What appear to be going on in aged individuals is:

a) While Lamp-2A is present in the lumen, it is not retreived in sufficient numbers to the lysomal membrane making the whole CMA process to bog down (2). This appears to be because of some defect in the membrane that stop Lamp-2A to associate with the membrane.
b) Apparantly because Lamp-2A can not associate, an abnormal accelerated degradation of LAMP-2A sets in in the lumen. reducing overall Lamp-2A levels in the cell. making the situation even worse.

This could be solved by a supplement as follows:

- The supplement fixing this must work either directly or indirectly on the lysomal membrane to fix the defect.

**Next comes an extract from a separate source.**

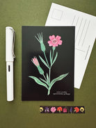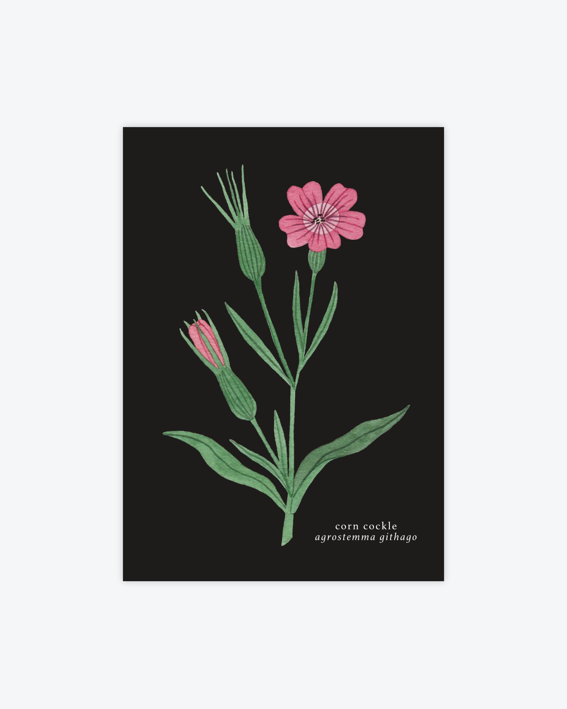 This stunning postcard features a watercolour painting of a pink corn cockle flower. Ideal for framing or sending to a loved one, it captures the beauty of a wild flower for everyone to enjoy.

What would be good for the lysomal membrane?
- The supplement could increase the Lamp-2A protein in cells. A Lamp-2A increase appears to have worked for the Lamp2A mouse (2), as it kept Lamp-2A level up through old age.


1 http://www.ncbi.nlm....Pubmed_RVDocSum

2 http://jcs.biologist.../full/120/5/782


* Substrate: junk protein, ** Lysosome: organelle that contain digestive enzymes ,*** lumen: (space inside the lysosome)

[remig]

Non-selective macro and micro autophagy is used by cells when the supply of nutrients by the body is inadequate. The body must supply calories, essential fatty acids, and the essential amino acids required for protein synthesis. Whenever the supply is inadequate, the cell must then acquire the missing nutrients by recycling some portion of itself.

In non-selective autophagy (not CMA), some portion of the cell's cytoplasm is enclosed in a membrane. The membrane may be the lysosome's own membrane (in which case it is termed microautophagy) or another membrane generated for just that purpose (in which case it is call macroautophagy.) In macroautophagy, the vesicle so formed then merges with lysosomes and the end result of the two forms of autophagy is the same, some portion of the cytoplasm, including even entire organelles such as mitochondria, is digested and the constituent molecules made available for the anabolic processes of the cell.

A shortage of any essential structural nutrient induces autophagy. Creating a shortage of essential amino acids (leucine in particular) is a standard way to induce to induce autophagy in free cell culture (nitrogen starvation). Anybody can do the same by restricting protein in the diet for some period of time. I have an on-line monograph on just this subject if anyone is interested.

By alternating periods of protein restriction with periods of protein abundance, repeated induction of autophagy could clear the aggregates associated with AD, PD, HD and ALS and maybe even clear cryptic infections. A protein cycling diet is much easier to follow than a calories restriction diet.